Hopping Planetary Rover
Ballistic hopping rover with validated SpaceBok-style four-bar parallelogram kinematics for Mars and lunar surfaces.
- Mechanism
- 2-DOF / 4-bar
- Phase
- 5 — contact sim
- Δ vs Kolvenbach 2021
- 0.66 loss frac
- Heritage
- SpaceBok
Premise
Wheeled rovers are slow. Rotorcraft are limited by atmosphere. But on the Moon and Mars, the energy budget for a ballistic hop is unreasonably good: low gravity stretches each jump, no atmosphere wastes energy on drag, and a parallelogram leg with a diagonal spring recovers a meaningful fraction of the landing energy on the next cocking cycle.
The result is a rover that covers ground faster than wheels and lighter than wings, with the rough-terrain tolerance of a legged robot. This isn't a new idea — ETH Zurich's SpaceBok demonstrated the mechanism on parabolic flights — but the engineering remains underexplored and the design choices are not obvious.
Architecture
The mechanical heart is a four-bar parallelogram leg with a single diagonal spring (the BD diagonal) doing the energy storage. A small actuator cocks the spring against the ground reaction during a crouch phase, then releases it ballistically; the closed-form kinematics of the linkage do the rest.
- DOF
- 2 (planar)
- Linkage
- Four-bar parallelogram
- Spring
- BD diagonal
- Calibrated loss
- 0.66 vs Kolvenbach 2021
The implementation is end-to-end: closed-form four-bar closure equations (no 2D surrogates), the actual diagonal-spring force model, cocking dynamics, jump-phase physics, self-righting analysis, and matplotlib-driven animations + flipbooks for each phase.

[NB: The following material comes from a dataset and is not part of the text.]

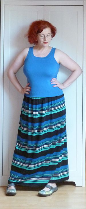 Ha a szoknyát felfordítanád, és az aljából varrnál össze vállnak, lehetne egy kvázi denevérujjú tunikád-miniruhád. 🙂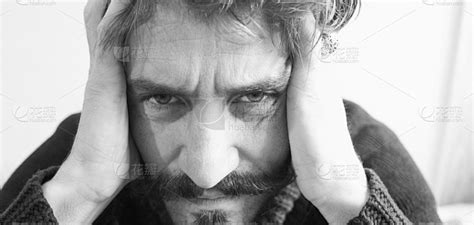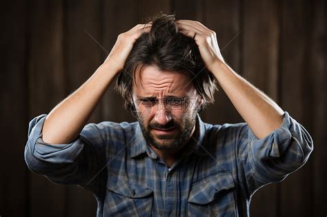 一个人带着痛苦的表情用手挤压着他的头

The first analytical pass calibrated cleanly against Kolvenbach 2021 at a loss fraction of 0.66, which keeps the project grounded in a published benchmark.
Current state
Working prototype in Python. Phase 5 contact simulation is the active
front, focused on the discontinuous dynamics at touchdown and the
self-righting envelope after an off-nominal landing. Phase
outputs live under results/spacebok/ — articulated-contact PNGs,
phase-5 motion GIFs, and flipbooks for each subsystem.

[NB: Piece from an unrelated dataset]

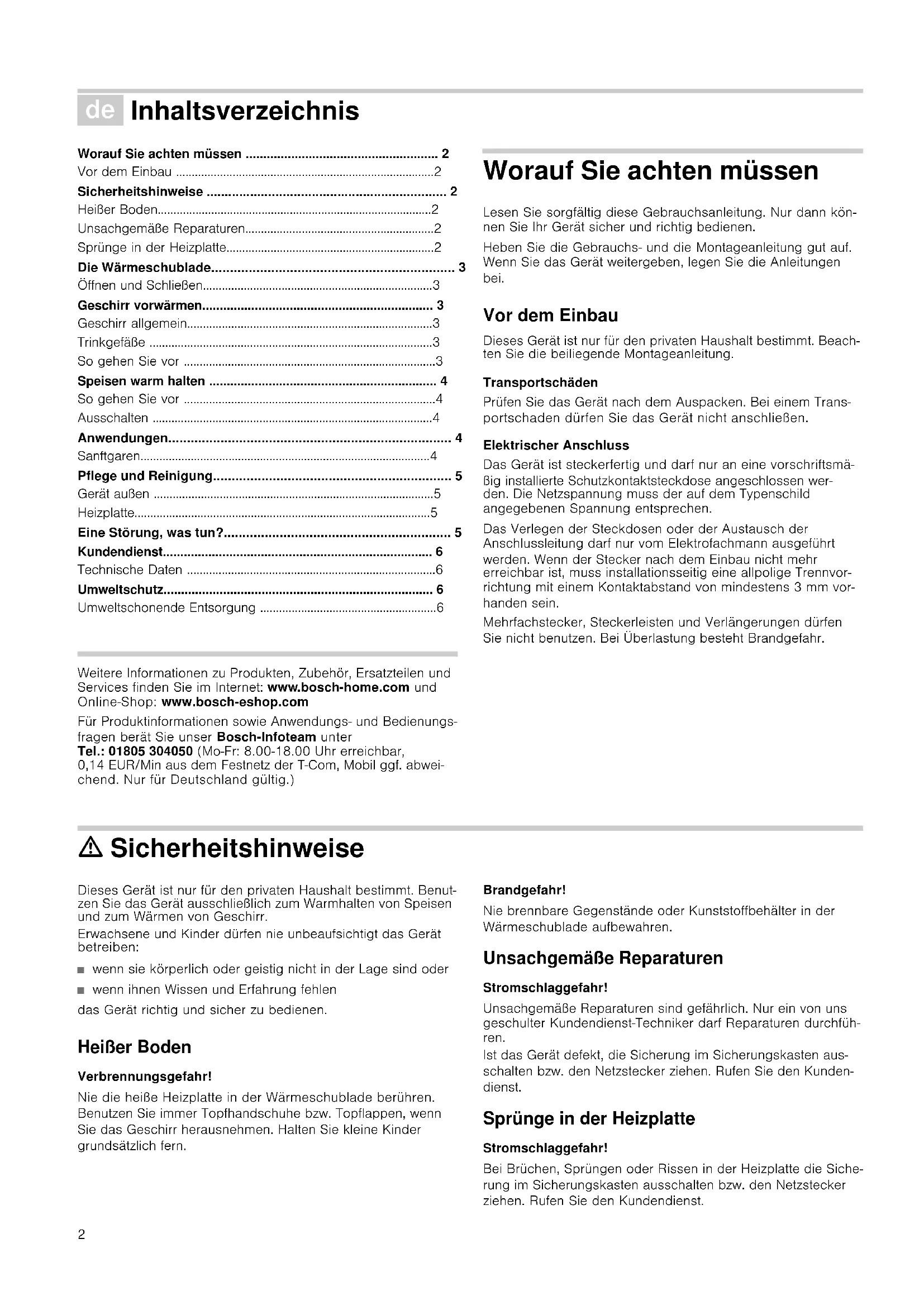 - Umweltschonende Entsorgung Produktinfo Weitere Informationen zu Produkten, Zubehör, Ersatzteilen und Services finden Sie im Internet: www.bosch-home.com und Online-Shop: www.bosch-eshop.com Für Produktinformationen sowie Anwendungs- und Bedienungs- fragen berät Sie unser Bosch-Infoteam unter Tel.: 01805 304050 (Mo-Fr: 8.00-18.00 Uhr erreichbar, 0,14 EUR/Min aus dem Festnetz der T-Com, Mobil ggf. abwei- chend. Nur für Deutschland gültig.) Worauf Sie achten müssen Lesen Sie sorgfältig diese Gebrauchsanleitung. Nur dann kön- nen Sie Ihr Gerät sicher und richtig bedienen. Heben Sie die Gebrauchs- und die Montageanleitung gut auf. Wenn Sie das Gerät weitergeben, legen Sie die Anleitungen bei. Vor dem Einbau Dieses Gerät ist nur für den privaten Haushalt bestimmt. Beach- ten Sie die beiliegende Montageanleitung. Transportschäden Prüfen Sie das Gerät nach dem Auspacken. Bei einem Trans- portschaden dürfen Sie das Gerät nicht anschließen. Elektrischer Anschluss Das Gerät ist steckerfertig und darf nur an eine vorschriftsmä- ßig installierte Schutzkontaktsteckdose angeschlossen wer- den. Die Netzspannung muss der auf dem Typenschild angegebenen Spannung entsprechen. Das Verlegen der Steckdosen oder der Austausch der Anschlussleitung darf nur vom Elektrofachmann ausgeführt werden. Wenn der Stecker nach dem Einbau nicht mehr erreichbar ist, muss installationsseitig eine allpolige Trennvor- richtung mit einem Kontaktabstand von mindestens 3 mm vor- handen sein. Mehrfachstecker, Steckerleisten und Verlängerungen dürfen Sie nicht benutzen. Bei Überlastung besteht Brandgefahr. ã=Sicherheitshinweise Dieses Gerät ist nur für den privaten Haushalt bestimmt. Benut- zen Sie das Gerät ausschließlich zum Warmhalten von Speisen und zum Wärmen von Geschirr. Erwachsene und Kinder dürfen nie unbeaufsichtigt das Gerät betreiben: ■ wenn sie körperlich oder geistig nicht in der Lage sind oder ■ wenn ihnen Wissen und Erfahrung fehlen das Gerät richtig und sicher zu bedienen. Heißer Boden Verbrennungsgefahr! Nie die heiße Heizplatte in der Wärmeschublade berühren. Benutzen Sie immer Topfhandschuhe bzw. Topflappen, wenn Sie das Geschirr herausnehmen. Halten Sie kleine Kinder grundsätzlich fern. Brandgefahr! Nie brennbare Gegenstände oder Kunststoffbehälter in der Wärmeschublade aufbewahren. Unsachgemäße Reparaturen Stromschlaggefahr! Unsachgemäße Reparaturen sind gefährlich. Nur ein von uns geschulter Kundendienst-Techniker darf Reparaturen durchfüh- ren. Ist das Gerät defekt, die Sicherung im Sicherungskasten aus- schalten bzw. den Netzstecker ziehen. Rufen Sie den Kunden- dienst. Sprünge in der Heizplatte Stromschlaggefahr! Bei Brüchen, Sprüngen oder Rissen in der Heizplatte die Siche- rung im Sicherungskasten ausschalten bzw. den Netzstecker ziehen. Rufen Sie den Kundendienst.3 Die Wärmeschublade In der Wärmeschublade können Sie Geschirr vorwärmen oder Speisen warm halten. Das Gerät heizt nur, wenn die Schublade richtig geschlossen ist. Öffnen und Schließen Bei Geräten ohne Griff: Drücken Sie auf die Mitte der Schublade, um sie zu öffnen oder zu schließen. Beim Öffnen springt die Schublade leicht heraus. Sie kann danach problemlos herausgezogen werden. Geschirr vorwärmen Im vorgewärmten Geschirr kühlen Speisen nicht so schnell ab. Getränke bleiben länger warm. Geschirr allgemein Die Wärmeschublade dürfen Sie mit maximal 25 kg belasten. Sie können z.B. Menügeschirr für 6 bzw. 12 Personen vorwär- men. Geschirr einräumen Verteilen Sie das Geschirr möglichst auf der ganzen Fläche. Hohe Tellerstapel werden langsamer durchwärmt als einzelne Geschirrteile, wie z.B. 2 Schüsseln. Trinkgefäße Erwärmen Sie Trinkgefäße wie z.B. Espressotassen immer mit Stufe 2. ã=Verbrennungsgefahr! Bei Stufe 3 oder 4 werden die Trinkgefäße sehr heiß. So gehen Sie vor p. 6

This project recently adopted the Design Graph as its digital thread, making it the first internal program to commit to a graph-backed effectivity model end-to-end.
What's next
Bow-leg comparison module — the other leading hopping-leg topology — to bound the architectural trade. After that, a dynamic contact + self-righting validation pass against the SpaceBok flight data, and then a sizing exercise for a Mars-mass vehicle with realistic actuator power density.